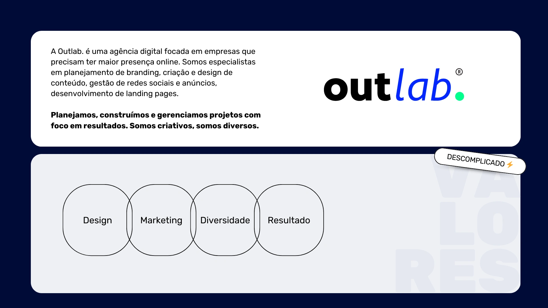 A Outlab. é uma agência digital focada em empresas que precisam ter maior presença online. Somos especialistas em planejamento de branding, criação e design de…
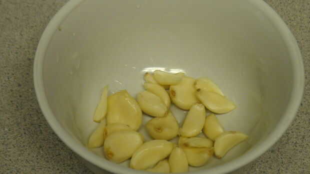 Tomar el lado de la raíz de ajo hecho y presionar desde la parte superior sobre el ajo. Cuando los dientes de reventarlas lugar dentro del envase, cerrar y agitar. Después de unos 20 segundos el ajo debe pelarse y todo lo que tienes que hacer es estaba apagado.
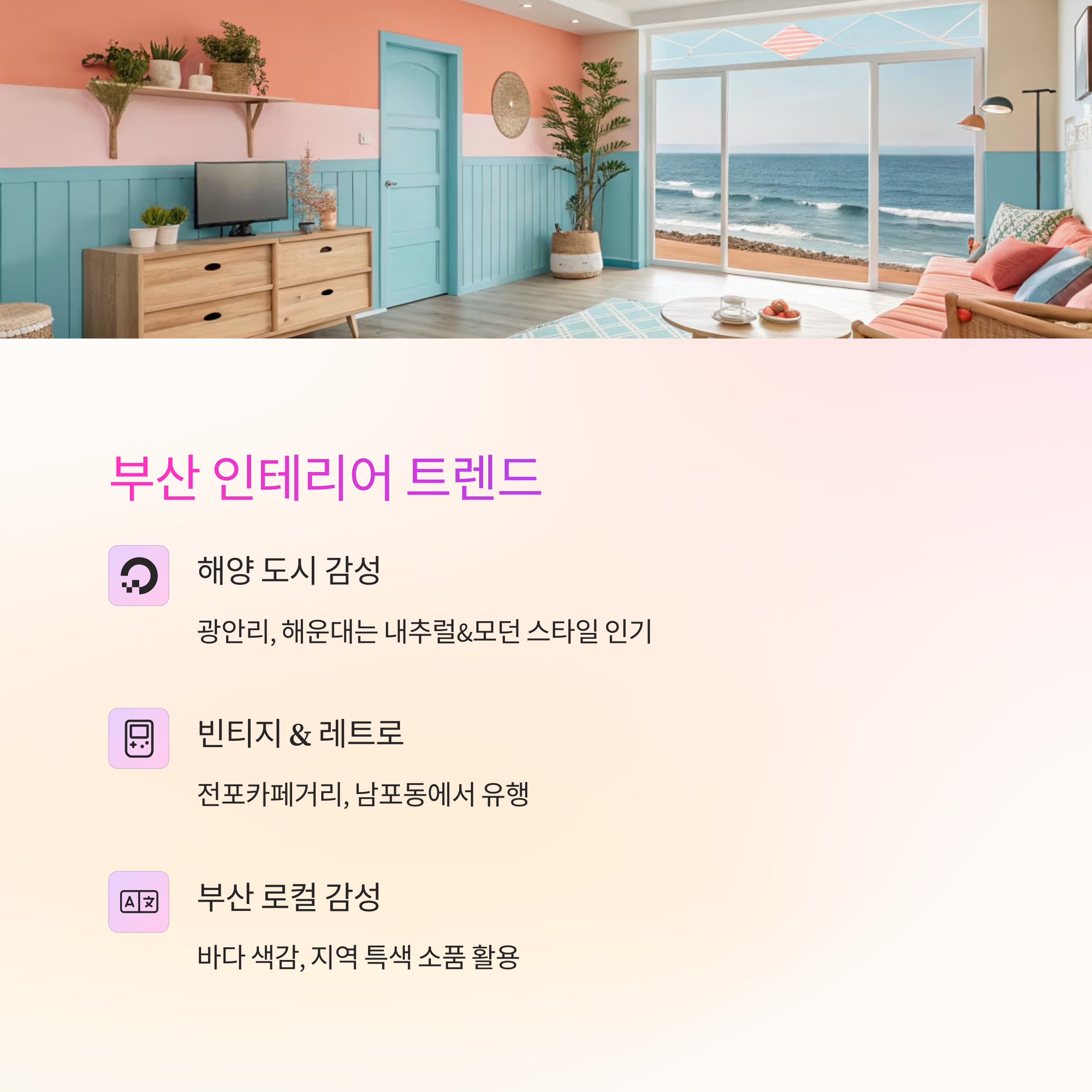 최근에는 '부산 로컬' 감성을 담은 인테리어도 주목받고 있어요. 예를 들어, 바다 색감에서 영감을 받은 푸른 계열의 포인트 벽지나, 자갈치시장에서 구한 특색 있는 소품을 활용한 연출이 인기를 끌고 있어요.

====

## Your objective
When the line that holds "Tomar el lado" is reached, begin duplicating exactly, and continue through the last line of the listing, skipping the pictures; output nothing else.

## Problem solution
 Tomar el lado de la raíz de ajo hecho y presionar desde la parte superior sobre el ajo. Cuando los dientes de reventarlas lugar dentro del envase, cerrar y agitar. Después de unos 20 segundos el ajo debe pelarse y todo lo que tienes que hacer es estaba apagado.
 최근에는 '부산 로컬' 감성을 담은 인테리어도 주목받고 있어요. 예를 들어, 바다 색감에서 영감을 받은 푸른 계열의 포인트 벽지나, 자갈치시장에서 구한 특색 있는 소품을 활용한 연출이 인기를 끌고 있어요.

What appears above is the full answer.